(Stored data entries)
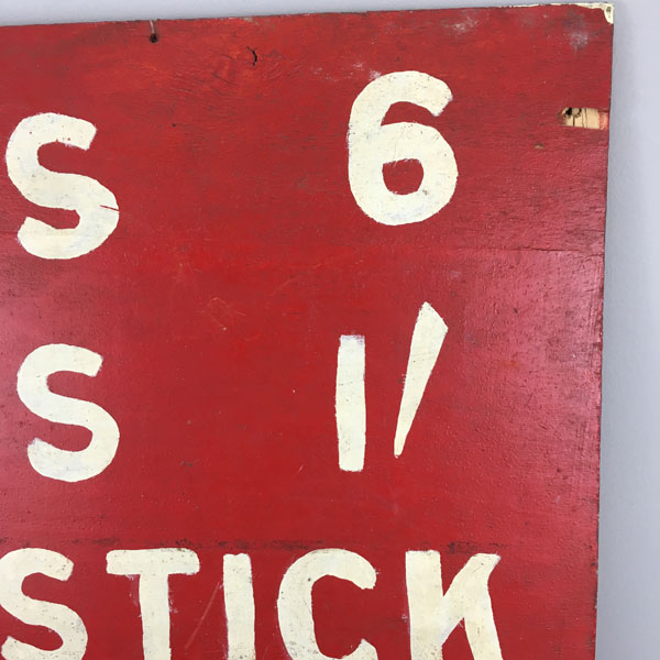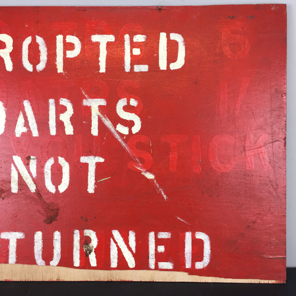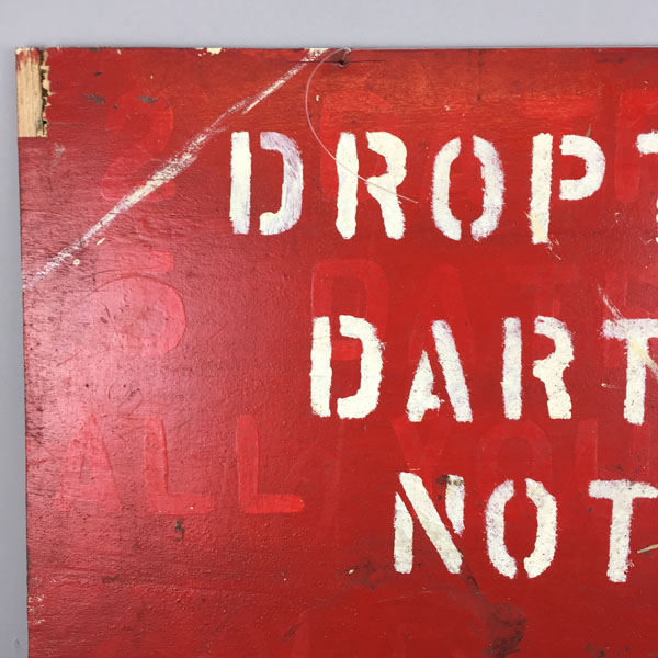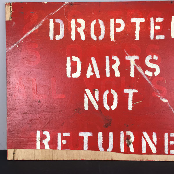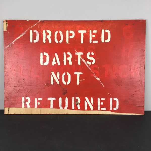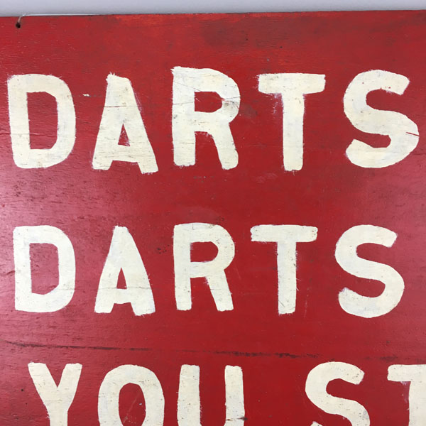 A good sized hand painted double sided sign from a fairground sideshow darts game.
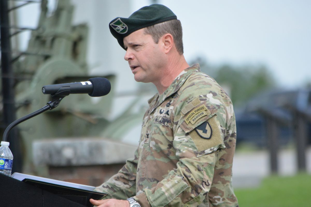 Colonel Andrew Jordan at the U.S. Army Garrison Fort Campbell Change of Command Ceremony on Aug. 16, 2023. (Lee Erwin)
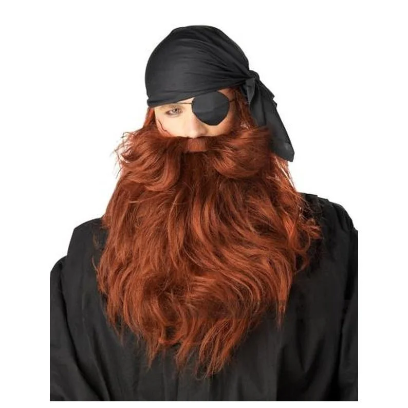 To be the scourge of at least one of seven seas is hard work. Keep your face warm with this Red Pirate Beard and Moustache. All you need to complete the look is an eye patch, and a wooden leg me hearty!
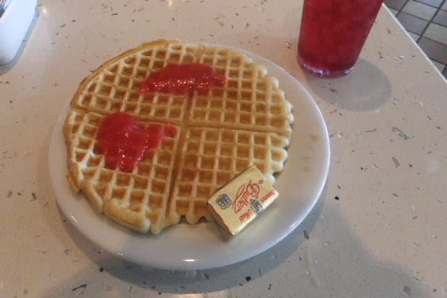 こんな感じにて、朝食は食べる。アツアツのワッフルは美味しい。
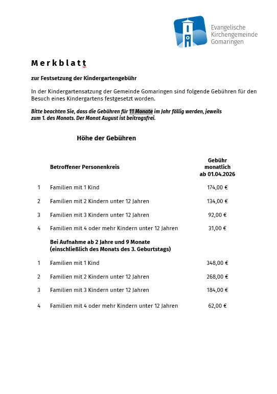 Gemäß eines Grundsatzbeschlusses des Kirchengemeinderates folgen wir jeweils exakt der Gomaringer Gebührenordnung für den Kindergarten. Der Gemeinderat Gomaringen hat zum 1.4.2026 neue Beiträge beschlossen:
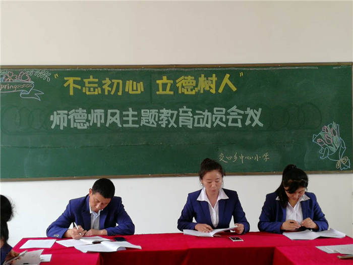 交口中心小学:召开师德师风主题教育活动动员会教育文摘周报三门峡讯(刘宝勤 宋君)为认真贯彻落实区教体局师德师风建设的活动要求,切实转变工作作风,提高教育教学质量,提升教师队伍的整体素质,交口乡中心小学4月20日召开了关于“不忘初心 立德树人”师德师风主题教育活动动员会。
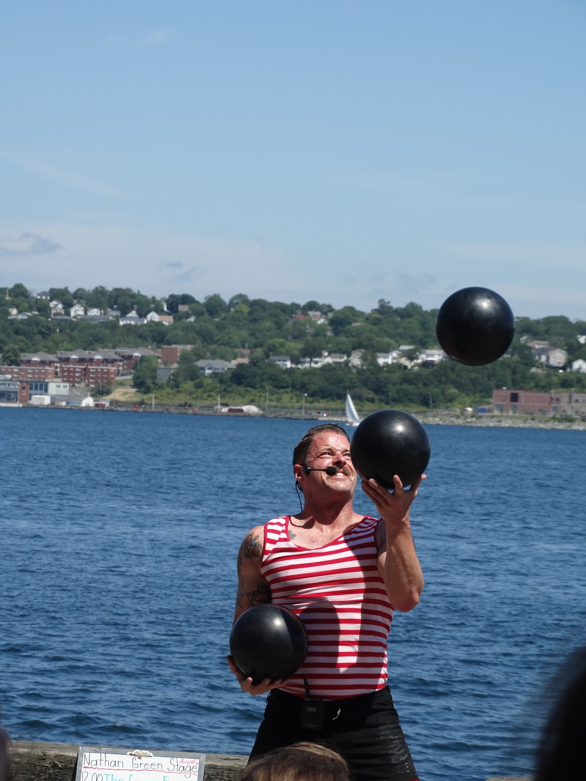 The Halifax Busker Festival has been presented for 32 years now and was very well-attended. This year there were 13 performers and 12 of them did about 16-17 shows over the 6 days that it ran. We attended along with our guests from P.E.I., Toni and Paul, and caught 5 acts. Al returned on August 6 and watched 6 more.

TASK ITEM: Write out every line above exactly, minus images.

WORKED SOLUTION:
 A good sized hand painted double sided sign from a fairground sideshow darts game.
 Colonel Andrew Jordan at the U.S. Army Garrison Fort Campbell Change of Command Ceremony on Aug. 16, 2023. (Lee Erwin)
 To be the scourge of at least one of seven seas is hard work. Keep your face warm with this Red Pirate Beard and Moustache. All you need to complete the look is an eye patch, and a wooden leg me hearty!
 こんな感じにて、朝食は食べる。アツアツのワッフルは美味しい。
 Gemäß eines Grundsatzbeschlusses des Kirchengemeinderates folgen wir jeweils exakt der Gomaringer Gebührenordnung für den Kindergarten. Der Gemeinderat Gomaringen hat zum 1.4.2026 neue Beiträge beschlossen:
 交口中心小学:召开师德师风主题教育活动动员会教育文摘周报三门峡讯(刘宝勤 宋君)为认真贯彻落实区教体局师德师风建设的活动要求,切实转变工作作风,提高教育教学质量,提升教师队伍的整体素质,交口乡中心小学4月20日召开了关于“不忘初心 立德树人”师德师风主题教育活动动员会。
 The Halifax Busker Festival has been presented for 32 years now and was very well-attended. This year there were 13 performers and 12 of them did about 16-17 shows over the 6 days that it ran. We attended along with our guests from P.E.I., Toni and Paul, and caught 5 acts. Al returned on August 6 and watched 6 more.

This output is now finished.